Give me the old familiar walk, post-office and all, 
with this ever new self, 
with this infinite expectation and faith, 
which does not know when it is beaten.

We'll go nutting once more. 
We'll pluck the nut of the world, and crack it in the winter evenings.
Theatres and all other sightseeing are puppet-shows in comparison.
I will take another walk to the Cliff, 
another row on the river, 
another skate on the meadow, 
be out in the first snow, 
and associate with the winter birds.

Here I am at home. 
In the bare and bleached crust of the earth
I recognize my friend.
HDT Journal,  November 1, 1858

Sunday, November 7, 2010

Beyond the Earth

October 31, 2010
No-Name Swamp

It is in vain to dream of a wildness
distant from ourselves.
There is none such.
It is the bog in our brain and bowels,
the primitive vigor of Nature in us,
that inspires that dream.
This and all quotes today are from Thoreau’s Journal
of August 30, 1856,
  as he recalls a walk at Gowing’s Swamp
in Concord, Massachusetts

Jackie and I wanted to meet today to take a walk, somewhere, and it was Halloween. Could we pick a place suitable to the occasion? I suggested the bog we visited back in the hot days of July, and that there were tamaracks there. Unique among conifers in this area, they are not evergreen, but their needles die and fall in late autumn. They should be turning now -- there wasn’t much time left to see them.
So today we returned to that swamp. It’s just a six-mile drive up the road; you park the car and walk about 200 feet – and enter another world !

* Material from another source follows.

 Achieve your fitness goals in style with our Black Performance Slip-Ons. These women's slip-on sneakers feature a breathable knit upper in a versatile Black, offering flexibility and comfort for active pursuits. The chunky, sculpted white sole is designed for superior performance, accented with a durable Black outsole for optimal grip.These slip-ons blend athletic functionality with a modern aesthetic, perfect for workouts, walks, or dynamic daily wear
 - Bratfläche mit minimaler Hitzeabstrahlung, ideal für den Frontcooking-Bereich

Consider how remote and novel that swamp.
Beneath it is a quaking-bed of sphagnum, and in it grow Andromeda polifolia, Kalmia glauca, Menyanthes, Gaylussacia dumosa, Vaccinium oxycoccus, plants which scarcely a citizen of Concord ever sees.
It would be as novel to them to stand there as in a conservatory, or in Greenland.

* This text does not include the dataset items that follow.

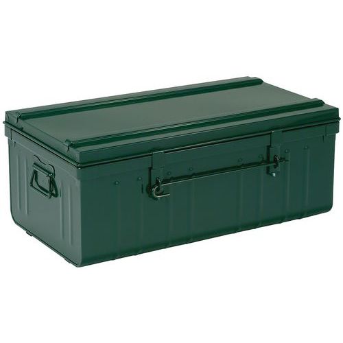 Cantines acier en tôle acier laminé à froid avec revêtement peinture cuite au four inoxydable. Couvercle à bord roulé sur fil acier. Côtés sertis et non soudés. Renfort périphérique. Nervures embouties prolongées sur le fond de la malle. 2 poignées rabattables en fil d'acier. Livrées avec tringle (Ø 6 mm percée à l'extrémité). Coloris vert foncé.
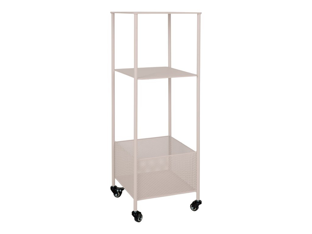 Kovový vozík Torres je praktický a stylový pomocník v pískové barvě. S rozměry 35x35x100 cm disponuje třemi pevnými policemi, díky nimž je ideální pro skladování nápojů, sklenic, kuchyňského náčiní nebo dekorací. Jeho industrial styl a odolná konstrukce ho činí vhodným do domácností, barů nebo kaváren, kde přináší funkčnost a přitom vypadá moderně.
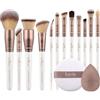 Luvia Cosmetics Set di Pennelli Prime Vegan - 15 Pennelli Professionali con Spazzola per Ciglia e Custodia in Raso
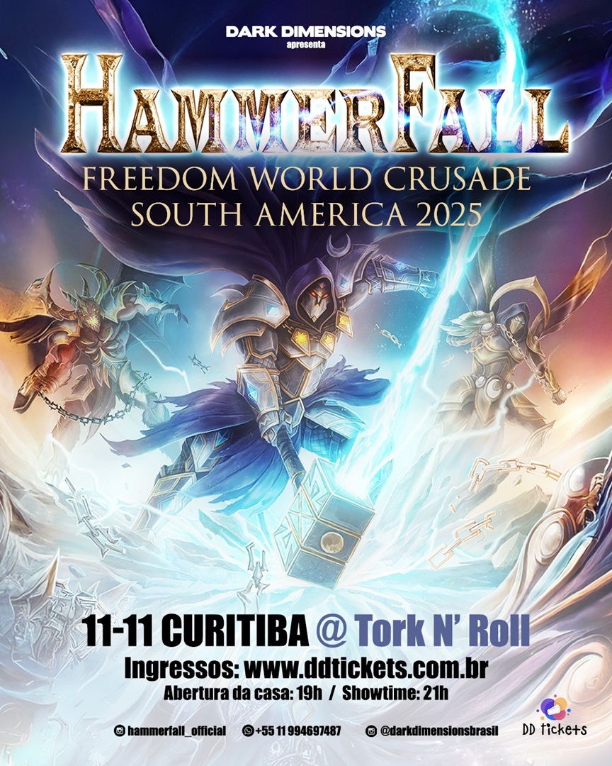 Com realização da Dark Dimensions, os suecos do Hammerfall retornam ao Brasil em novembro, e Curitiba é uma das cidades escolhidas para receber o show da tour “Renegade South America Crusade 2025″, que tem como foco, a divulgação do álbum Avenge the Fallen, lançado em 2024 pela Nuclear Blast Records, o 13º álbum de estúdio da banda.
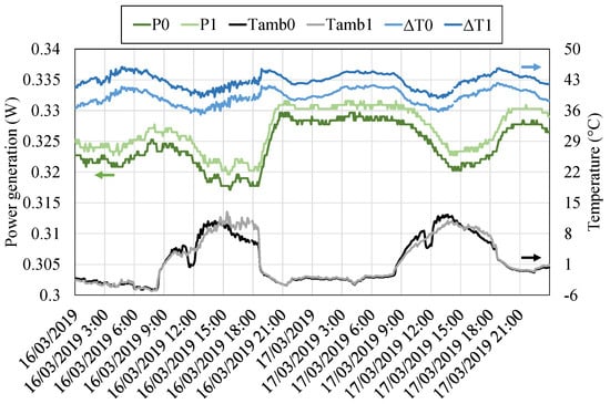 Once the temperature distribution has been analyzed, Figure 13 (left axis) shows the generation of the two thermoelectric modules, being the power generated by the unsealed module and the power corresponding to the sealed one. The sealed module had a greater temperature difference between its sides that translates into a slightly higher generation in comparison with the unsealed one. Apart from this slight difference, both modules follow a similar generation tendency, increasing their generation during the night and decreasing it during the day. In order to have a better perception of this fact, the ambient temperature and the temperature difference accross both modules have been also represented in the right axis of Figure 13. During the night, ambient temperature decreases and therefore, the temperature difference of the modules increases, leading to a higher generation, which in the sealed module reached up to while in the unsealed one, . During the day, the temperature difference decreases, and so does the generation, with values of around . This effect occurs with a small delay due to the thermal inertia of the different components. Furthermore, it can be also observed that a lower temperature does not necessarily imply a greater generation. During the night of 16th March, the ambient temperature was lower than on the 17th of March. However, generation on the latter is greater due to the higher wind velocity, which improves the convection of the cold side heat exchanger, leading to a lower thermal resistance.

As you first step in, the ground gives  - gravity is different here.
It's even not ground anymore - you are beyond the earth.
You walk upon a floating moss carpet of unknown thickness; beneath that - who knows how much water?

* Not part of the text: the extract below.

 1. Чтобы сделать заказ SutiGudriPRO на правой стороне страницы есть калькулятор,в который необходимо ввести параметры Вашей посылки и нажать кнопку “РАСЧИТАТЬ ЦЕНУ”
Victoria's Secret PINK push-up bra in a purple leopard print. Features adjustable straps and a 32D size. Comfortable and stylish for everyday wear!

In July, everything was green and lush.
Today – every plant had changed color. It was truly a Halloween landscape:
With orange trees

Ghostly growths

Spooky spider-webs

And creepy branches

Though I do think the tamaracks are beautiful. These trees are thin and spindly, but if you look closer, you can sense their exuberance.

Then, suddenly, the season changed – a brisk north wind off the lake brought a low, pale cloud overhead – all at once, it was snowing.

Little pellets of snow were hurled down in handfuls – I burst out laughing as they hit me on the head. Looking back, I saw Jackie laughing, too. Now we were in Greenland!

As suddenly as it began, the snow-pellet shower ended. The clouds parted, and the sun shone weakly, just enough to light up the tall cottongrass.

We walked over to the edge of the bog, near the brook channel. The moss layer is thinner there, and each careful step we took made suction-cup noises.

Time, meanwhile, had inexplicably moved on to the Christmas season - everything now looked red and green:

Spruces all spruced-up

Bog Rosemary – Thoreau’s beloved andromeda 

Leatherleaf (also named andromeda in Thoreau's day) had turned scarlet, and was everywhere.

Pitcher-plants reclined on maroon moss beds

And like jewels, hidden here and there, single plump cranberries dangled at the ends of  impossibly-thin stems. Thoreau suggested they be called “swamp pearls.”
I tasted one.

Better it is to go a-cranberrying than to go a-huckleberrying.
For it is cold and bracing,
leading your thoughts beyond the earth …
It feeds your spirit,
now in the season of white twilights,
when frosts are apprehended,
when edible berries are almost gone.

Let not your life be wholly without an object,
though it be only to ascertain the flavor of a cranberry, 
for it will not be only the quality of an insignificant berry
that you will have tasted,
but the flavor of your life to that extent,
and it will be such a sauce as no wealth can buy.